Question

The high temperatures (in degrees Fahrenheit) of a random sample of 6 small towns are: 99 97.5 97.9 99.4 97 97.7 Assume high temperatures are normally distributed. Based on this data, find the 95% confidence interval of the mean high temperature of towns. Enter your answer as an open-interval (i.e., parentheses) accurate to two decimal places (because the sample data are reported accurate to one decimal place).

Answer 1

What are the option for the question

Answer 2

The 95% confidence interval for the mean high temperature of towns is approximately (97.66, 99.50)

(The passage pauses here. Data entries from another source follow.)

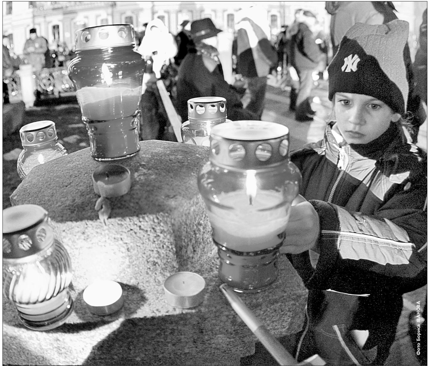
У пам'ять про загиблих 75 років тому запалили кілька сотень свічок
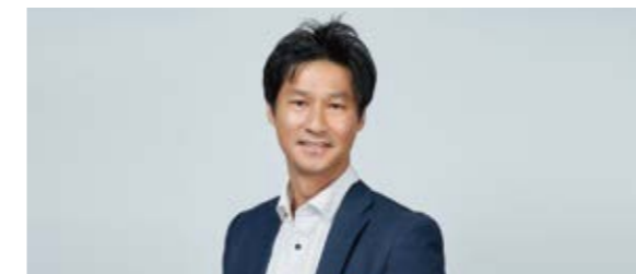
Fine Today Korea Co., Ltd. General Manager YSさん

ファイントゥデイグループの魅力を表す言葉は Big Venture だと思います。多くの顧客から愛されるBig Brandを我々はすでにたくさん持っており、Venture 企業のように恐れず新しいチャレンジができます。我々が培ってきた美意識を大切にしながら、人々にも、環境にも、ずっと続く美しさと豊かさを届けていく。そんな熱い想いが、リージョンを超えて体現されていると感じています。こういった我々の素晴らしい資産とフロンティア精神がファイントゥデイグループの成長の原動力になっていると私は信じています。
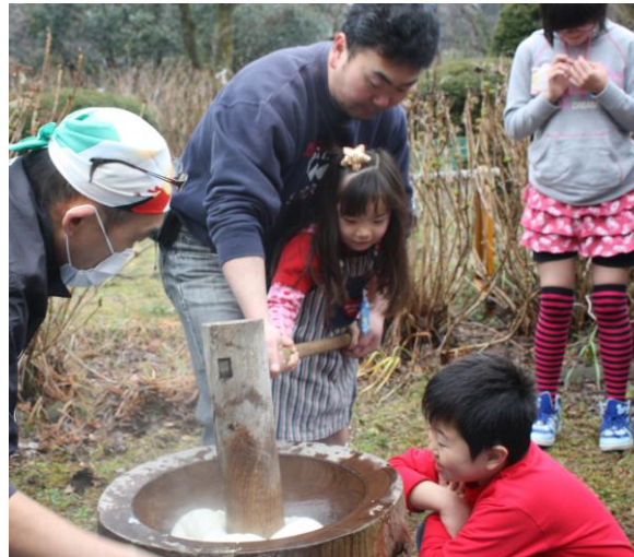
☆毎年3月には餅つきを企画・開催しています
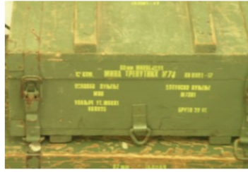
Arms Trade Highlights: September - October 2016
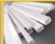
19 типоразмеров, в т. ч. с внутренней перегородкой
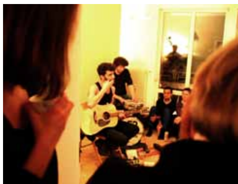
Blick ins Wohnzimmer zu Two Wooden Stones
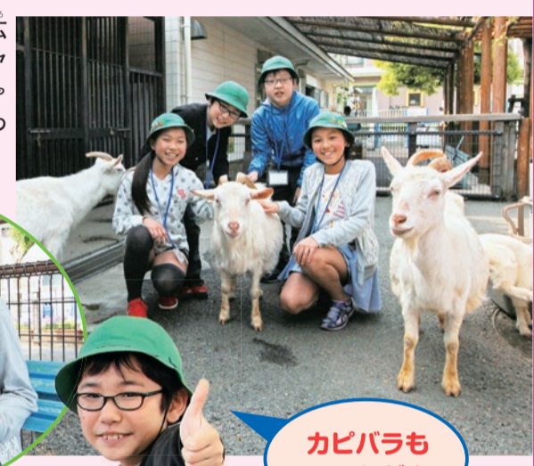
カビバラもいるんだよ

ジュニア記者がまず取材したのは、「どうぶつ広場」。ふれあい広場で、生まれて1か月半のヤギとの触れ合いを体験しました。続いて、大人にも人気の「魚釣り広場」へ。釣り方を指導してもらい、ジュニア記者全員がまず取材したのは、「どうぶつ広場」。
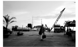
監督:ラヴ・ディアス 出演:チャロ・サントス・コンシオ ジョン・ロイド・クルス 2016年/デジタル/モノクロ/228分 フィリピン/日本語字幕付き

1997年のフィリピン。殺人の罪で30年間を刑務所で過ごしたホラシアは、実は親友が真犯人であり、その黒幕はかつての恋人ロドリゴであることを知る。釈放されたホラシアはロドリゴに復讐するため彼の身辺を探っていく。トルストイの短編小説に着想を得た壮絶な復讐の物語。モノクロとロングショットの長回しを基調とした4時間弱の長編で、フィリピン映画界を代表するラヴ・ディアス監督の日本で初めての劇場公開作品。2016年ベネチア映画祭金獅子賞受賞。
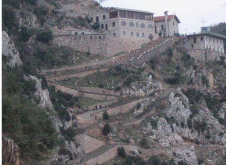
Lezha şehri ve dağında Shen Ndou kilisesi
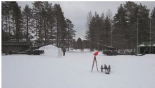
Perinteikkäällä kilpailulla oli arvoisensa maali

Ensimmäistä kertaa mukana ollut Pirkanmaa sijoittui B-sarjassa sijalle 8/10, mutta puolustukseksi on sanottava, että monella muulla joukkueella oli riveissään entisiä ammattilaisurheilijoita ja useiden vuosien kokemus kilpailusta. Ensi vuonna saavat muut varoa, sillä nyt myös Pirkanmaalla tiedetään mistä ihmeestä tässä on kysymys.
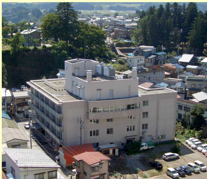
介護老人保健施設「水仙の家」

専門知識を基に安全なサービス提供を行い、ご利用者・家族との信頼関係の強化と地域に密着した老健施設としての役割を果たす。
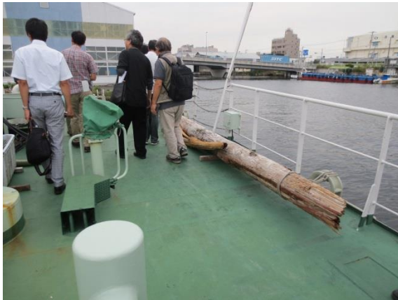
時には、こんな大木が「べいくりん」によって回収されることもあります
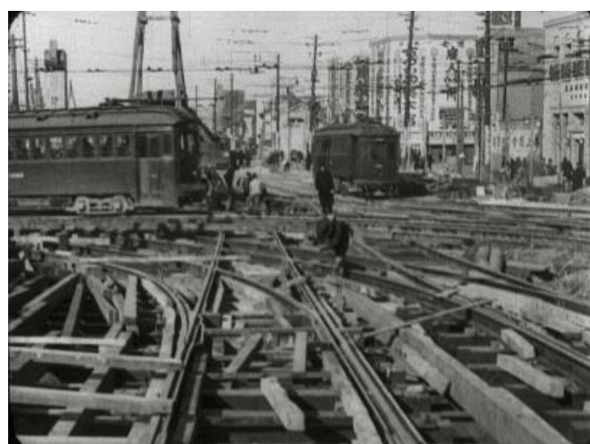
『帝都復興』（1930年）市電線路の移設風景

1929年10月19日から11月10日まで東京・日比谷公園内の市政会館で開催された帝都復興展覧会での上映を目的に、主催者の東京市政調査会が製作した記録映画。近代都市の諸相とそこで生きる人々の姿を、素早いモンタージュや大胆なアングルで切り取っていく手法は、当時世界各国の映画作家たちが取り組んだ「シティ・シンフォニー・フィルム」と称される映画群の影響をうかがわせる。
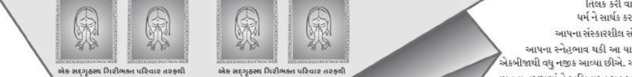
એક સદ્ગુણ્ય ગિરીભક્ત પરિવાર તરફથી એક સદ્ગુણ્ય ગિરીભક્ત પરિવાર તરફથી

લી.: શ્રી રજસ્થાનના ગોડવાડ ક્ષેત્ર ભાગ - ૩ ના પ્રાચિન તિર્થોની યાત્રા પ્રવાસના સર્વ પૂણ્યશાળ ચાત્રીક ગણવતી.
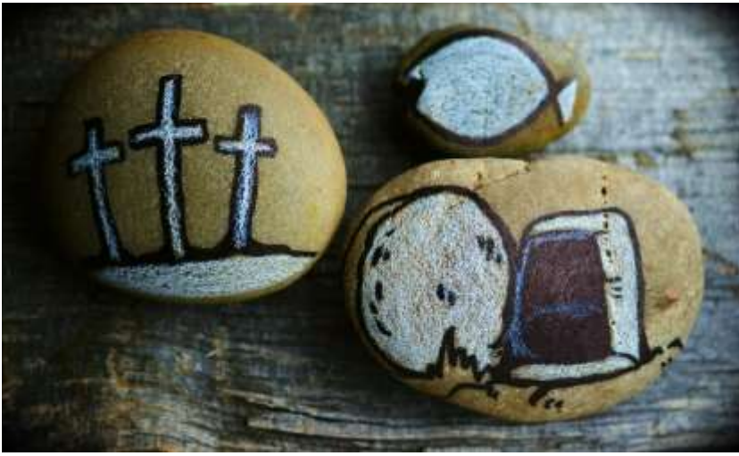
Jezus als hoeksteen van het huis
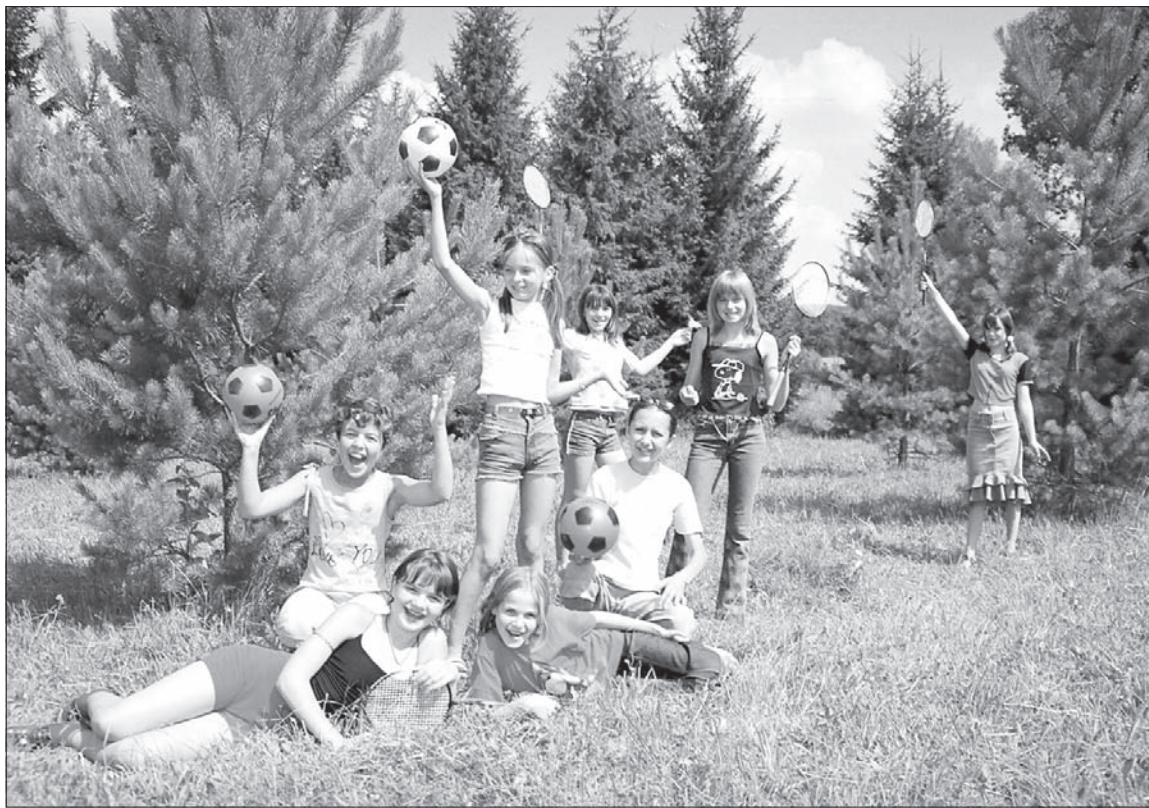
В прошлом году 530 детей отдохнули в лагерях, финансируемых за счет средств областного бюджета.

Сразу же после зимних каникул началась заявочная кампания в загородные оздоровительные лагеря Ульяновской области с учетом возмещения стоимости путевки из областного бюджета. То есть родители и в наступившем году вновь
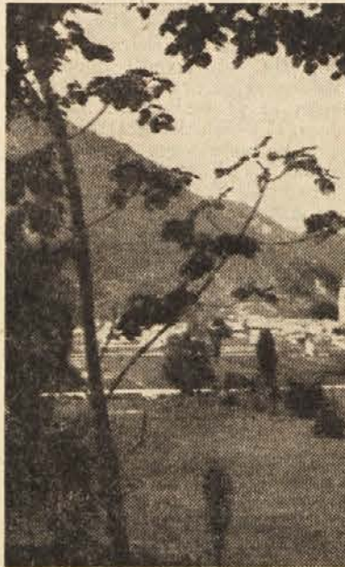
Pogled na Kobarid

oktobra se je začela nemška ofenziva pri Sv. Kvirinu. Se težji so bili napadi na severnem področju, od koder so Nemci pritiskali proti Stolu. 18. soška brigada jih je razgnala pri Žagi. Nemcem ni bilo žal žrtve in niso štedili svojih vojakov pri nadaljnjih napadih. Z močnimi si-
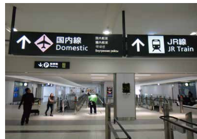
2 穿过约240米的连接通道前往 国内线航站楼。
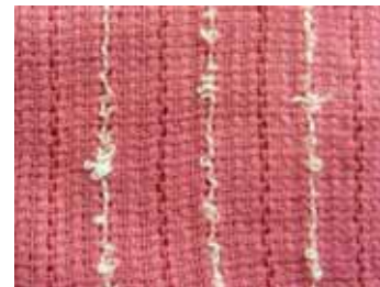
軽量薄地タオルマフラー生地

How to calculate confidence interval

To find the 95% confidence interval of the mean high temperature of towns based on the given data, use the formula below

`CI = \bar{x} \± (t * (s/\sqrt n))`

Where:

CI represents the confidence interval

`\bar{x}` is the sample mean

t is the critical value from the t-distribution for the desired confidence level and degrees of freedom

s is the sample standard deviation

n is the sample size

Given data:

Sample size (n) = 6

Sample mean (
`\bar{x}`) = (99 + 97.5 + 97.9 + 99.4 + 97 + 97.7) / 6 ≈ 98.58 (rounded to two decimal places)

To calculate the sample standard deviation (s),

compute the differences between each temperature value and the sample mean,

square those differences,

sum them up,

divide by (n-1), and

take the square root:

`s= \sqrt((99-98.58)^2 + (97.5-98.58)^2 + (97.9-98.58)^2 + (99.4-98.58)^2 + (97-98.58)^2 + (97.7-98.58)^2)/(6-1)]`

s ≈ 0.877

Next, determine the critical value (t) for a 95% confidence level with 5 degrees of freedom (n-1).

Using a t-table, t ≈ 2.571

Now plug in the values into the confidence interval formula:

CI = 98.58 ± (2.571 * (0.877/√6))

CI ≈ 98.58 ± (2.571 * 0.358)

CI ≈ 98.58 ± 0.921

Therefore, the 95% confidence interval for the mean high temperature of towns is approximately (97.66, 99.50) (rounded to two decimal places).